Looking for places for a weekend visit, I didn’t realise how near to Edinburgh Dundee was. Of course anywhere feels near after time spent in Australia ;-). Off on our way, crossing the Tay Bridge, taking in the view from Dundee Law and walking the sands of Broughty ferry, I was interested to learn of the tales of the Antarctic in the Discovery museum. I didn’t realise Captain Scott had spent two years there… Tales of eating turtles and penguins, they apparently didn’t find them too tasty!

Also learning of jute (the raw material for making potato sacks) in Dundee’s Verdant Works, I hadn’t even heard of it, never mind know that Dundee had depended on it for its industry. A really well told story of the history, I will now appreciate the effort that goes into making a jute bag. Do consider buying a joint pass if you’re planning on visiting both, it is slightly cheaper. Returning via the Fife coast, the towns of St Andrews, Crail, Elie and Anstruther held our attention, as well as trying out the once famous best UK fish and chips.

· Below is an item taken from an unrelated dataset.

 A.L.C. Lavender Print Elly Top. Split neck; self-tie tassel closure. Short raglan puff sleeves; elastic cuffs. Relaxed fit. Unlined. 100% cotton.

Having never been before, on the return journey from visiting my sister, we had a lovely afternoon in Blackpool. For sure caught in a bit of a time warp and in need of investment, that is perhaps all part of its charm. I absolutely loved the beach and of looking to the pier; reading the comedy carpet’s words and checking out the view from the tower. Very clever glass surrounded corners allowing views from multiple angles. Their 4D experience showing the illuminations at night, I would quite like to return to see them some point.

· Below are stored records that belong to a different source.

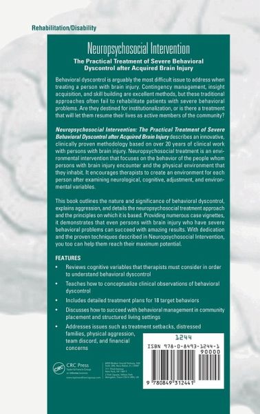 Neuropsychosocial intervention is an innovative and clinically proven treatment approach to severe behavioral problems that can affect persons with acquired brain injury. This book outlines the nature and significance of behavioral dyscontrol, explains aggression, and details the neuropsychosocial treatment approach and the principles on which it is based. It includes detailed behavioral treatment plans for 18 target behaviors and includes a review of medication management. The book also presents a discussion of community placement and living situations that facilitate success for the person with brain injury. With numerous case vignettes, it shows how this novel alternative to traditional treatment approaches may help keep survivors out of institutions and jails.
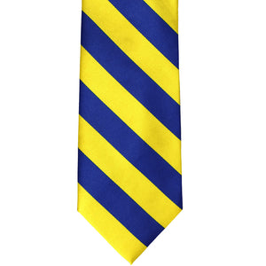 Add a cheerful touch of color to your formal or business casual attire with this royal blue and yellow striped tie. Easy to pair with your existing wardrobe, from your best navy blue suit to your favorite pair of slacks. Wear it to represent your team/school, or just because!
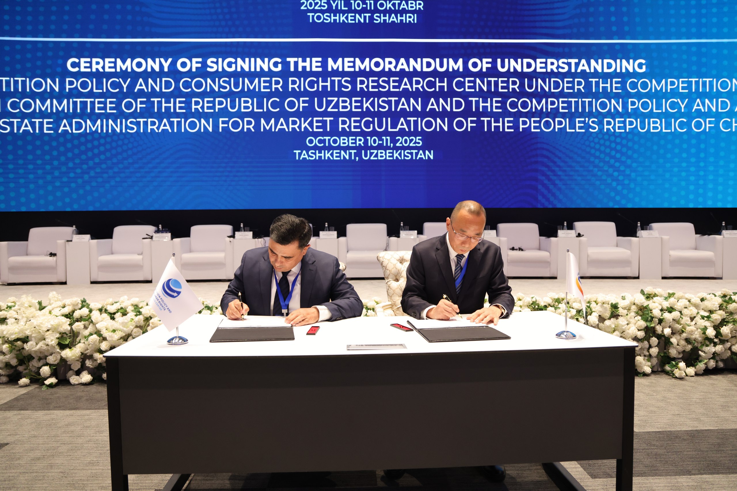 Халқаро конференция доирасида Ўзбекистон Республикаси Рақобатни ривожлантириш ва истеъмолчилар ҳуқуқларини ҳимоя қилиш қўмитаси ҳузуридаги Рақобат сиёсати ва истеъмолчилар ҳуқуқлари тадқиқотлари маркази директори Олимжон Жумаев Хитой Халқ Республикасининг Бозорни тартибга солиш давлат бошқармаси ҳузуридаги Рақобат сиёсати ва баҳолаш маркази директори Лю Синхай ва «Марказий Осиё Финтех Ассоциацияси» ННТ раиси Отабек Насиров билан ўзаро англашув ва ҳамкорлик тўғрисидаги Меморандумларни имзоладилар.
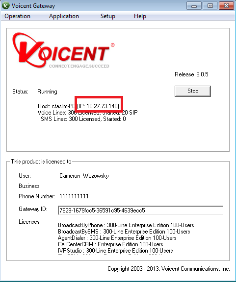 - In the field, enter in the IP address where Voicent Gateway is. You will be able to find the IP address Gateway is connected to by opening the Voicent Gateway window.

Within Edinburgh’s bounds, I have been working my way through a ‘To do’ list of places to see. Showing Ben Calton Hill (somehow I have never ever been up it?!), Edinburgh blew me away with its views! Lovely lovely spot. Loved the national monument too. Again not having been before, we popped along to Rosslyn Chapel. Propelled to fame and now doing a roaring trade thanks to Dan Brown’s ‘Da Vinci Code’, it is a really really interesting building to wander around. Unfortunately no pictures allowed inside to show you, there are lots of carvings to hold your attention. Then venturing on a Firth of Forth ‘cruise’ to Inchcolm Island, it wasn’t the best weather Edinburgh has delivered (I in fact needed to wear my gloves. In June… In supposibly the height of summer 😉 ). It was genuinely though the beginnings of the ‘Birds 2’, with some territorial nesting seagulls. A word to the wise, avoid June if you can, the seagulls prevent you from exploring the entire island. Nice to return though after having not been there since I was a child :-).

However, one of the favourite ‘Edinburgh’ things I’ve done was exploring Jupiter Artland. An outdoor sculpture garden found in a book of ‘100 places to visit in Scotland’, I thought it was really really cool. A beautiful day and provided with an electronic tour guide through their app, between the life mounds and the smaller pieces of art, it is a really interesting wander. Definitely better appreciated in the sunshine than on a rainy day though!

Spending time in Bo’Ness motor museum, Glasgow’s transport museum and Kelvingrove Art gallery, we also found some cool street art outside of Tennents brewery :-).

We’ve done very well but still so much to see! Please do let me know of any suggestions :-).